*** Data shown ***
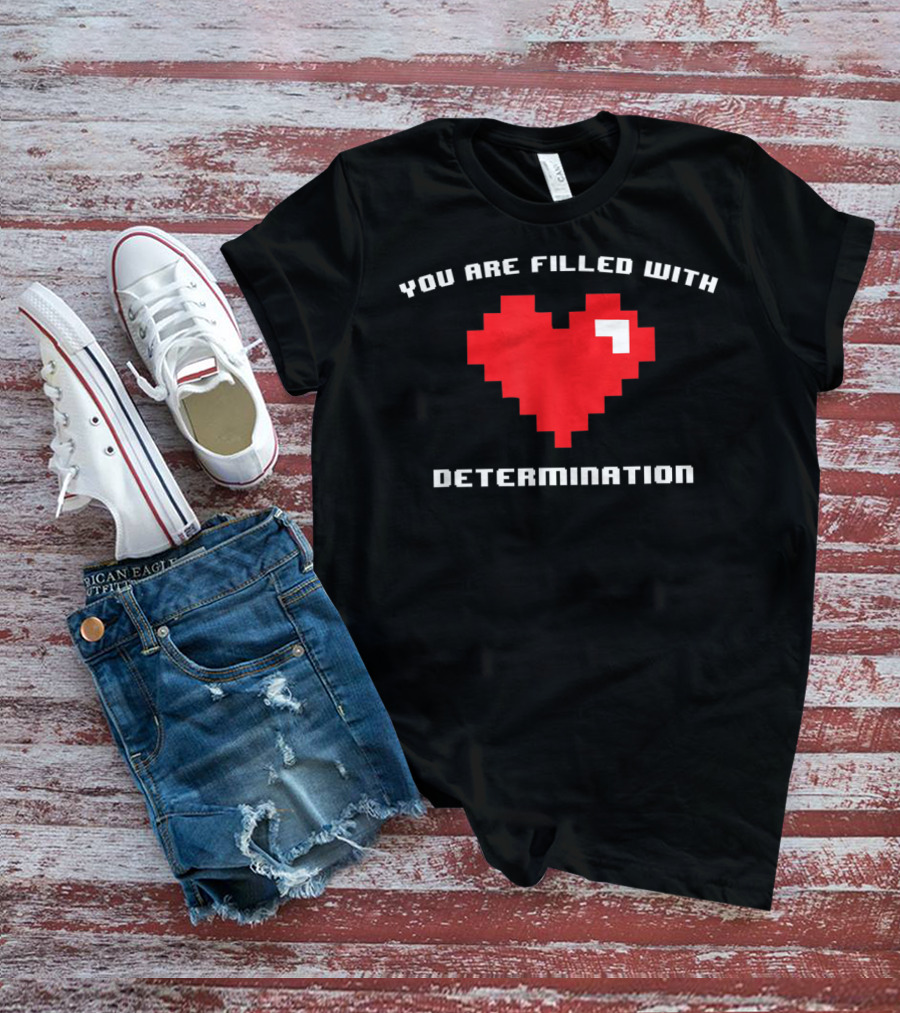 You Are Filled With Determination Pixel Heart Gaming Motivation T-Shirt
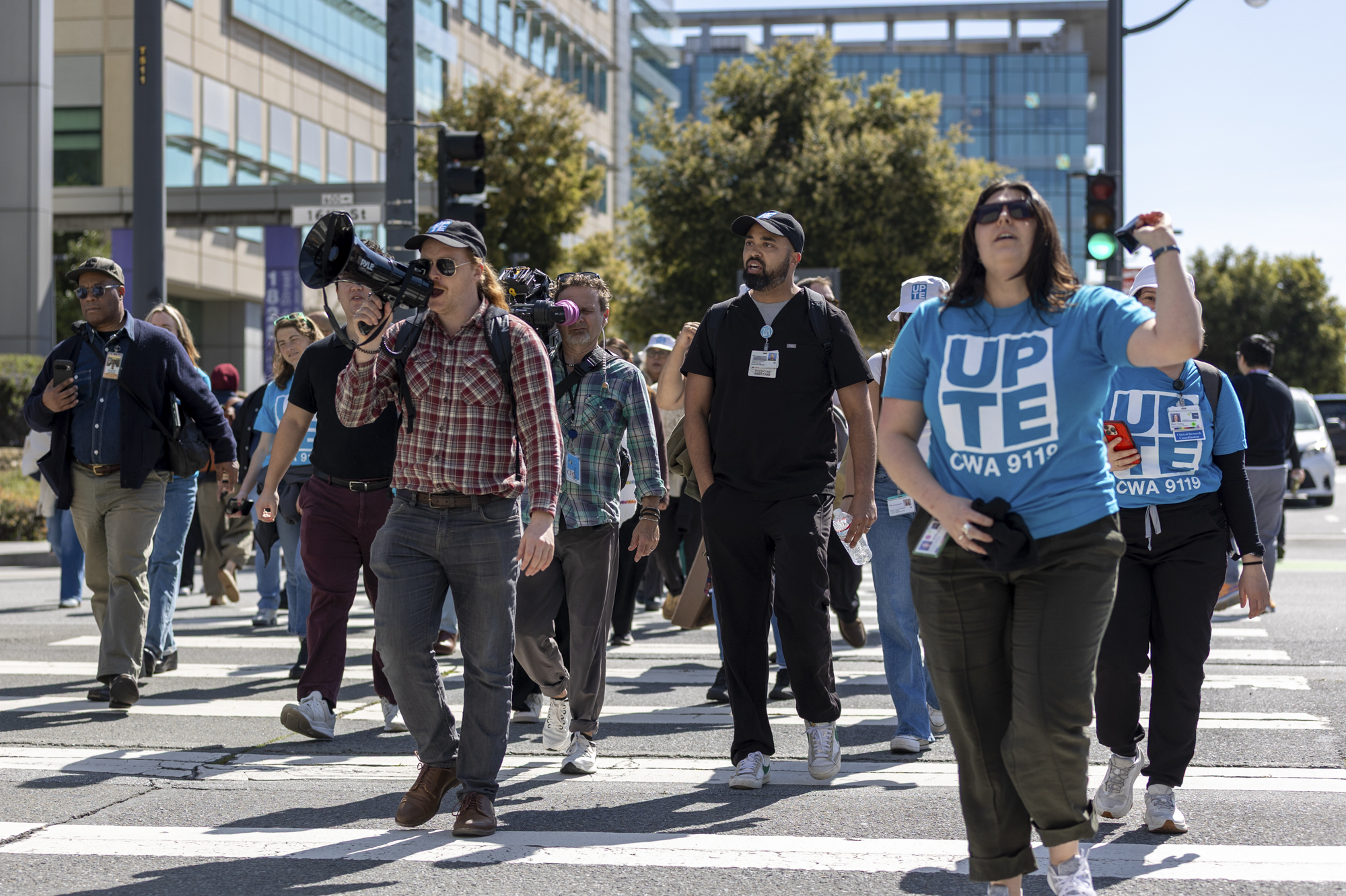 Union members and health care workers march toward UCSF Medical Center at Mission Bay in San Francisco on March 5, 2026, led by clinical pharmacist Matias Campos, to deliver safety demands to university leaders following the fatal stabbing of social worker Alberto Rangel. More than one in five social workers say they have been assaulted on the job, according to a recent union survey. (Gustavo Hernandez/KQED)
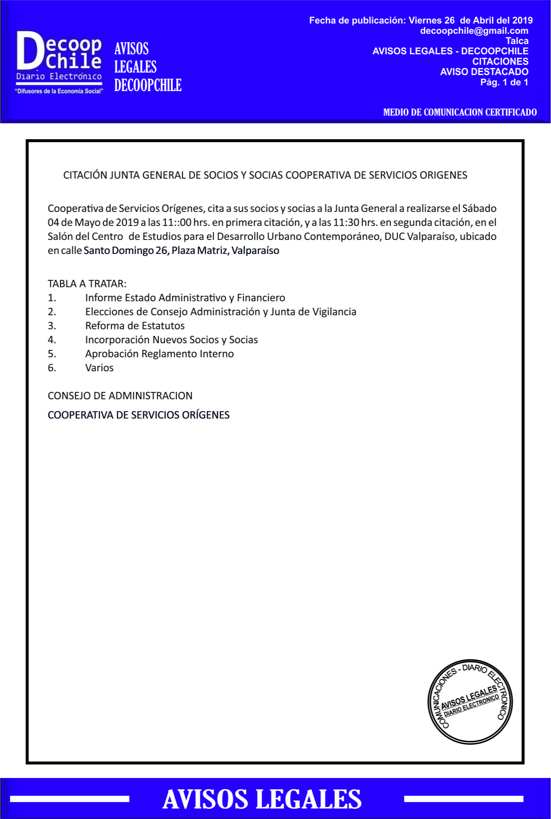 Se cita a Junta de Socios de la Cooperativa de Servicios Origenes, que se llevará a cabo el próximo 04 de Mayo de 2019.
*** End of Data shown ***
Instructions to follow: Every line above needs to be written out again as it stands. Pictures do not belong in the copy.

Answer to this exercise:
 You Are Filled With Determination Pixel Heart Gaming Motivation T-Shirt
 Union members and health care workers march toward UCSF Medical Center at Mission Bay in San Francisco on March 5, 2026, led by clinical pharmacist Matias Campos, to deliver safety demands to university leaders following the fatal stabbing of social worker Alberto Rangel. More than one in five social workers say they have been assaulted on the job, according to a recent union survey. (Gustavo Hernandez/KQED)
 Se cita a Junta de Socios de la Cooperativa de Servicios Origenes, que se llevará a cabo el próximo 04 de Mayo de 2019.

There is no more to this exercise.